Troisième entrée (21 février 2016) :
« L’exil est plus qu’une image pour dire et exposer notre rapport au temps et à l’espace, dont le point de rencontre serait le mouvement, il est devenu la nouvelle condition de notre imaginaire, qui ne se déploie plus que dans la mémoire qu’il garde de nos déportements passés et dans le rêve qu’il fait d’un lieu d’accueil éternellement à venir, qui ne soit plus un sol couvert de sang mais l’espace grand ouvert des regards et des paroles vers où convergent les véritables communautés dans leur mouvance ou leur transhumance la plus profonde1 ».

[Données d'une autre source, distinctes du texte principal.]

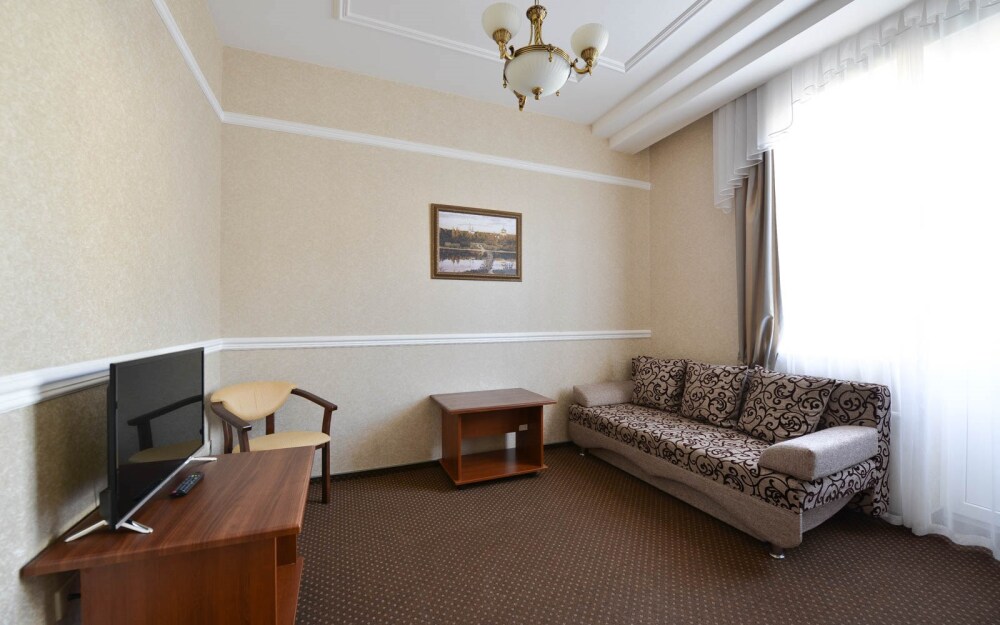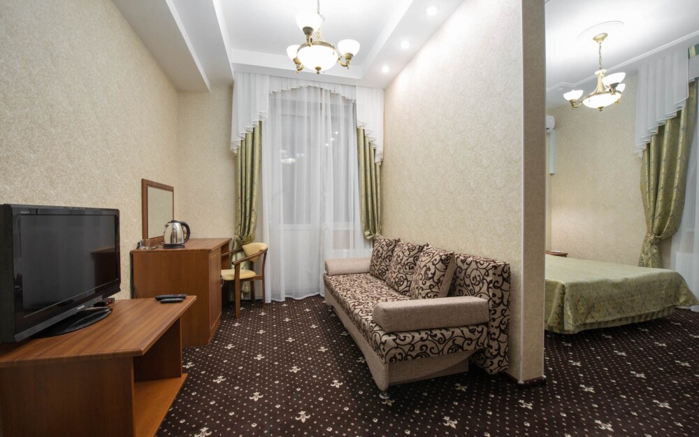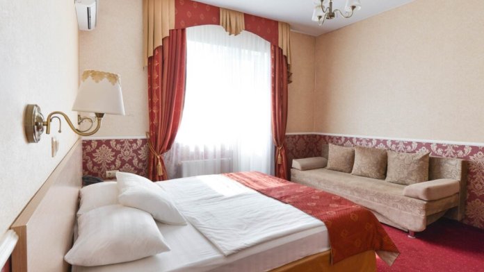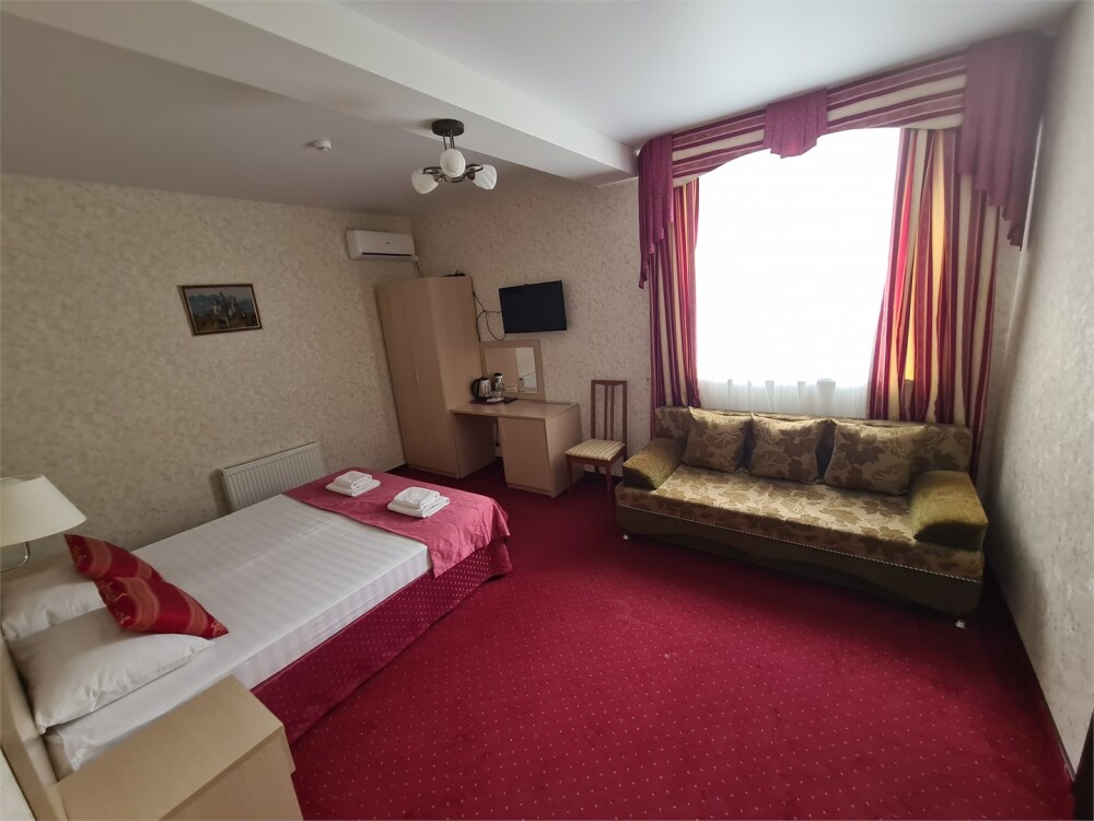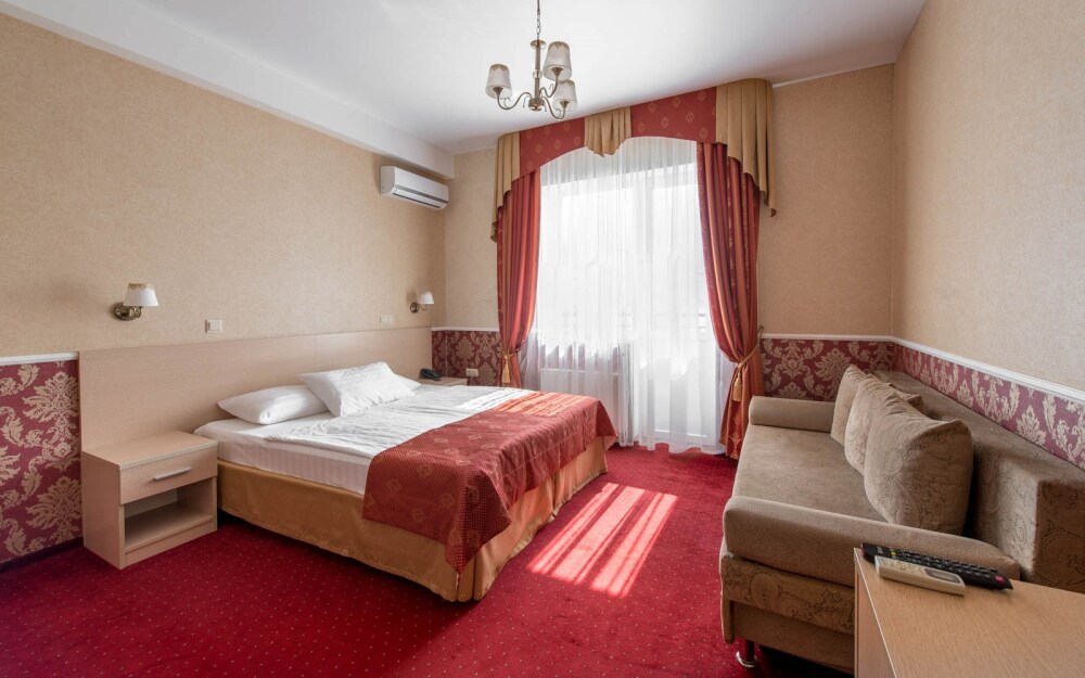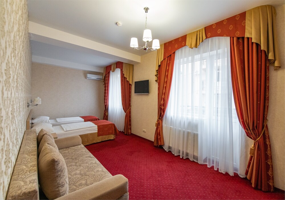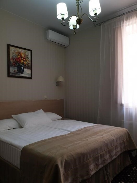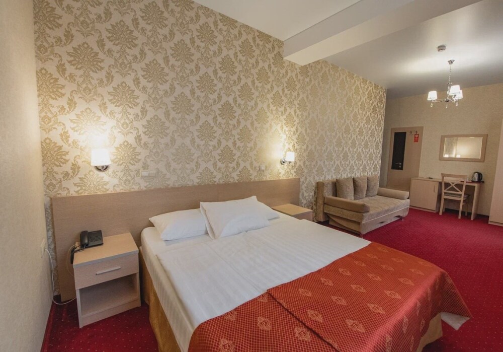 В номере двуспальная французская кровать, или две одноместные кровати, диван-кровать (возможность установки евро-раскладушки).

« Les écrivains vivent dans la langue et dans la voix cette condition à la fois exilaire et asilaire de l’homme, qui ne trouve refuge que dans les aléas de l’Histoire au bout de laquelle il retrouve la vue et la parole comme un abri de fortune contre les orages du temps et les tremblements du lieu. Temps et lieu qu’il n’habite plus qu’en poète, dirait Hölderlin, en les créant et recréant comme lieu de paroles et temps de la voix toujours en déplacement. Arpenteurs du monde intérieur des langues et des fables, les êtres de parole sont des « gens de voyage », sensibles aux déplacements que notre histoire récente et nos territoires nouveaux nous obligent à vivre, sans plus d’ancrage ni d’arrimage qu’au bord des mots et des regards qui nous emportent bien plus qu’ils ne nous fixent2 ».

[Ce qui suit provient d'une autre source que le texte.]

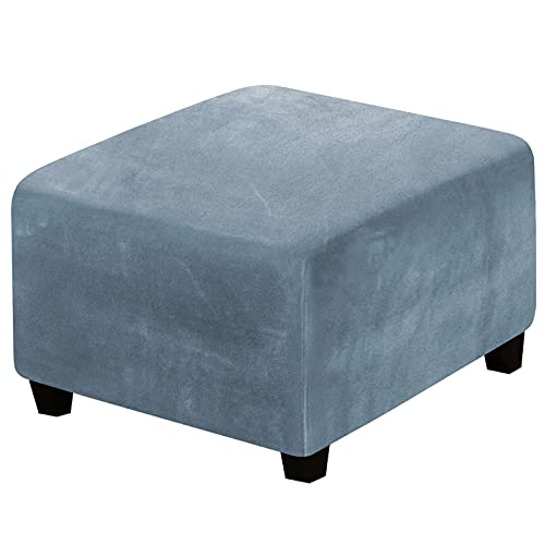 XGANGM Velours Housse de Pouf Rectangulaire Housse Ottomane S/M/L/XL Extensible Rangement Housse de Repose Pied Housse de Protection pour Repose Canapé Pieds Tabouret,Grey Blue,L
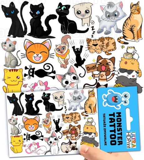 TATUAŻE ZMYWALNE TYMCZASOWE DLA DZIECI DZIECIĘCE KOTY WZORY ORYGINALNE
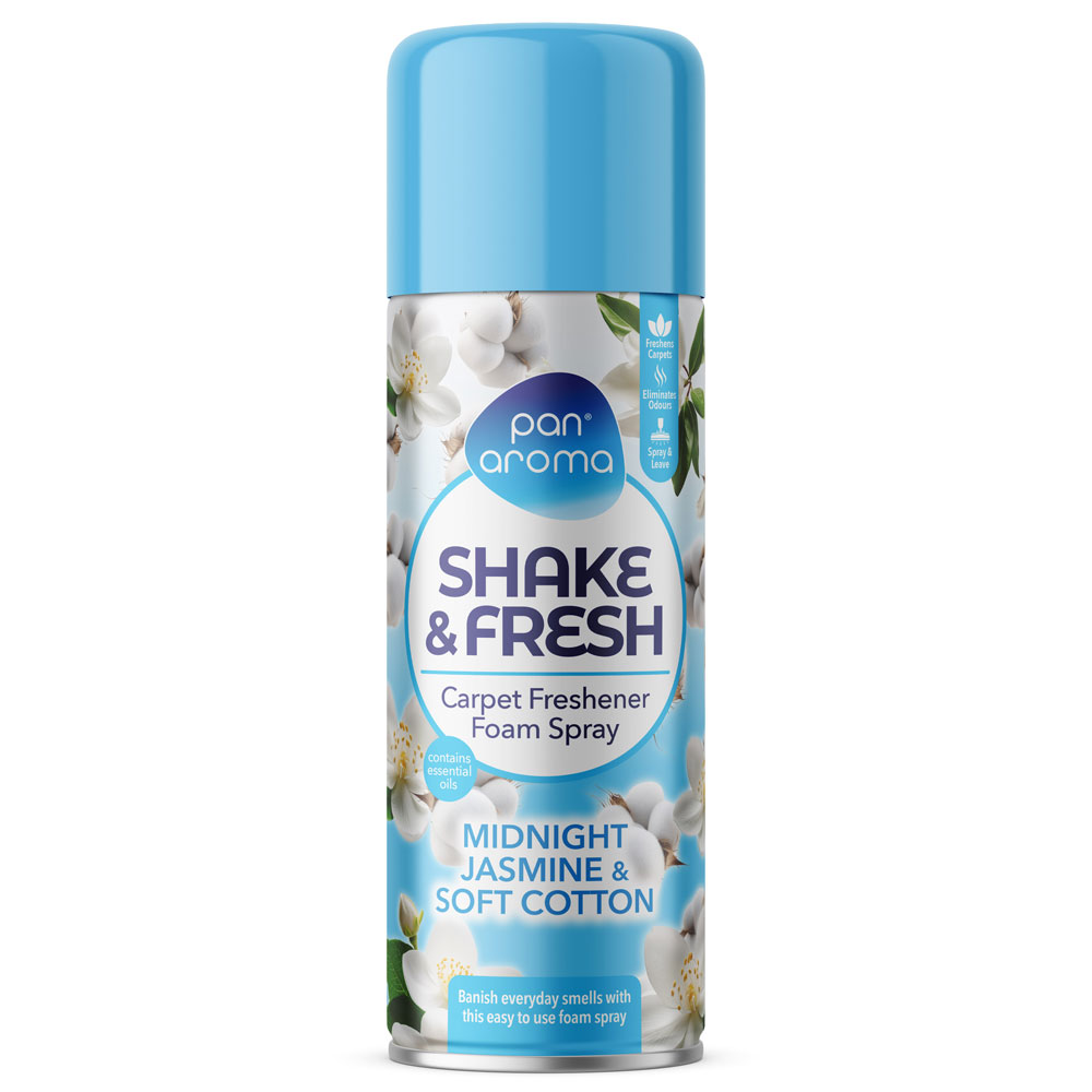 Banish everyday smells with the essential oil infused Pan Aroma Carpet Foam Spray Midnight Jasmine & Soft Cotton. This quick drying formula leaves carpets, rugs and upholstery smelling clean and fresh, with no need to vacuum.
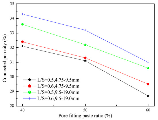 The connected porosity and permeability of porous concrete are correlated. Figure 1 shows the relationship between the connected porosity and percentage of pore filling paste ratio of novel, environmentally friendly GGBFS-based porous concrete. By investigating the porous concrete of two different particle sizes, the present study found that the connected porosity of porous concrete with a particle size of 9.5–19.0 mm was higher than that with a particle size of 4.75–9.5 mm. This was because the gap between the aggregates in the first porous concrete was larger than that between the aggregates in the second porous concrete. Therefore, when the percentage of pore filling paste ratio was kept constant, the porous concrete with a particle size of 9.5–19.0 mm demonstrated a connected porosity higher than that with a particle size of 4.75–9.5 mm. An increase in the percentage of pore filling paste ratio decreased the connected porosity of the porous concrete, which was because the rise in the percentage of pore filling paste ratio resulted in the pores behind being filled by alkali activated materials.
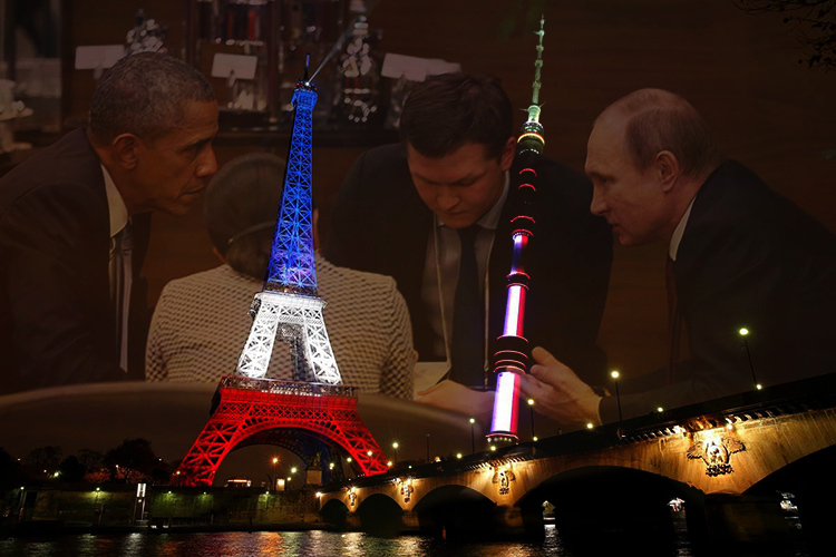 В прямом эфире (трансляция «Вестей») Путин во время встречи с военными обращается к командиру ракетного крейсера «Москва»: «В ближайшее время в район ваших действий подойдет французская военно-морская группа во главе с авианосцем. Нужно установить с французами прямой контакт и работать с ними как с союзниками». Последнее слово действует на эфир тектонически: происходит мгновенный переход от «партнеров» к «союзникам». Весь вечер: «Президенты Путин и Олланд обсудили наращивание сотрудничества, в том числе военных и спецслужб». Европейский спецкор: «Теперь мы с Францией союзники — чего еще недавно и представить себе было нельзя». «Существующие разногласия между Россией и Европой не должны мешать». «Вести» в новостях дают в записи и обращение Олланда к французским полицейским. «Договоримся обязательно», — имея в виду Запад, жизнерадостно говорит очередной гость на «Вестях».

« L’homme vit dans un no man’s land de l’éviction ou de l’expulsion et des entraves de toutes sortes à sa liberté de mouvement, privé d’espace et de temps – d’espace libre et de temps libre – où son humanité pourrait enfin s’exprimer. Les paroles et les voix marquées à jamais par cette expérience humaine de l’exclusion et de la réclusion, de l’exil et de l’asile forcés, rappellent le drame qu’est pour tout homme la privation de son droit au « lieu » et d’en changer, mais elles disent aussi, dans un renversement des valeurs à quoi l’histoire elle-même et ses territoires éclatés nous contraignent désormais, que le déplacement de notre humanité, de lieux en lieux que la langue et le regard explorent sans relâche, peut être la chance inespérée d’une nouvelle définition de l’homme, qui ne se reconnait plus dans le territoire qu’il « occupe » mais dans l’espace-temps qu’il « libère » par sa parole et ses images, où il se raconte et s’illustre en dehors de toute enclave et de toute frontière, dans les zones franches de l’imagination la plus libre et de la mémoire créatrice3 ».